Но смертная боль исчезла так же быстро, как и появилась, оставив лишь обрывок воспоминаний, пульсирующий внутри нее — и Неда была китом. Без конечностей, без клочьев одежды, теплая в ледяной воде и совершенно слепая, если не считать зеленого света, исчезающего внизу.
Она превращалась и раньше — в морскую черепаху или акулу, когда Отец все еще совершенствовал чары на Симдже, а в последние дни перед свадьбой в этого же кита, когда они начали охоту за Великим Кораблем. Это был вид магии, который мог сотворить только такой могущественный человек, как Отец, со Скипетром Сатека в руке. Кайерад Хаэл, несмотря на всю свою ученость, был беспомощен, как младенец, когда пытался использовать устройство, но заклинание Отца продолжало работать идеально, месяц за месяцем.
Или почти идеально. Дефект Неды остался, даже когда тело изменилось. В трансе она могла стереть свою боль, но не свою память. Остальные впоследствии никогда не могли вспомнить, как принимали форму кита. Неда никогда не могла забыть.
Зеленый свет померк. Как они должны действовать дальше? Должны ли они следовать за «Чатрандом» до тех пор, пока погода не прояснится, или попытаться подняться на борт во время шторма?

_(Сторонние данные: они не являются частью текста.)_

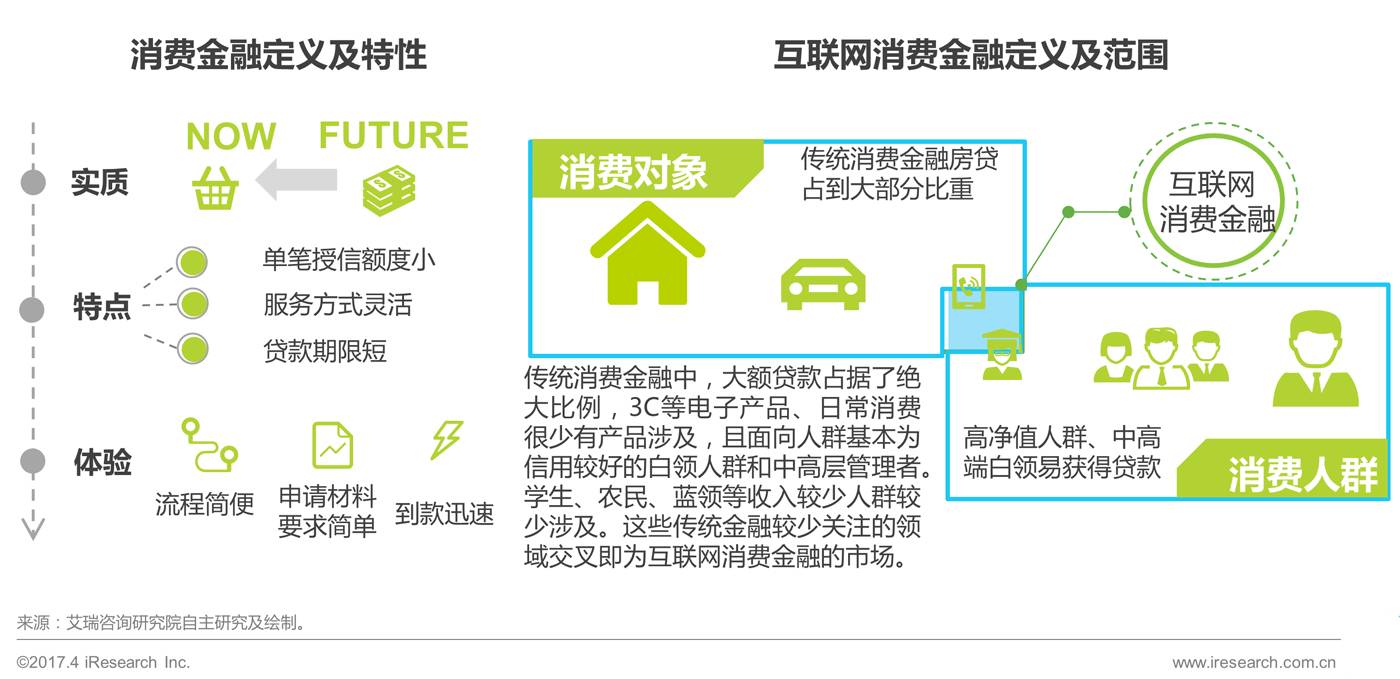 互联网消费金融,指依托互联网技术发展起来的新型消费金融模式,即借助网络进行线上的审核、放款、消费、还款等业务流程。互联网消费金融亦可分为狭义与广义。广义的互联网消费金融泛指一切依靠互联网打造的金融服务平台,包括传统消费金融的互联网化。狭义的互联网消费金融仅指互联网公司创办的消费金融平台。本报告中以狭义的互联网消费金融为重点研究对象。传统消费金融专注于大额信贷产品,且用户大部分为净值较高的人群。互联网消费金融是作为传统消费金融的补充而存在的。
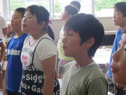 耳に心地よく響く歌声に誘われて中学年教室へ。子どもたちの歌いたいという思いが伸びやかな声となって表現されていたのです。表情や瞳の輝きにも心ひかれたので、パチリしました。
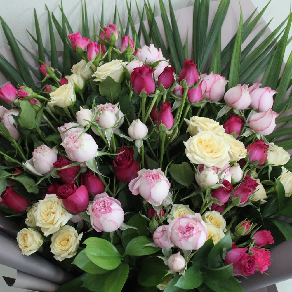 A chic bouquet of a mix of spray roses will impress with its volume and its aroma.

Они собирались обсудить это, когда судно Арквала начало свою атаку; теперь они вообще не могли это обсуждать. Неда даже не была уверена, что сможет услышать пронзительные голоса своих собратьев сквозь шум ветра и волн.
Повинуясь внезапному порыву, она метнулась вниз, в темноту, преследуя падающий корабль. Возможно, остальные соберутся в его тусклом свете, и вместе они смогут отправиться в погоню за врагом. Она быстро поплыла в темноту, радуясь, что была существом, созданным для ныряния, для черных глубин, как и для ярких поверхностных вод. Сила ее нового тела опьяняла.
Там был Кайерад Хаэл, полностью погруженный в воду, в нескольких секундах от утопления; и там целовал светящийся скипетр Малаброн — измученный, сомневающийся Малаброн, на ее глазах превращающийся в казенсийца, такого же, как и она сама. Теперь их Мастер должен сделать то же самое — но сохранятся ли его раны в кит-форме? И, если сохранятся, выживет ли он?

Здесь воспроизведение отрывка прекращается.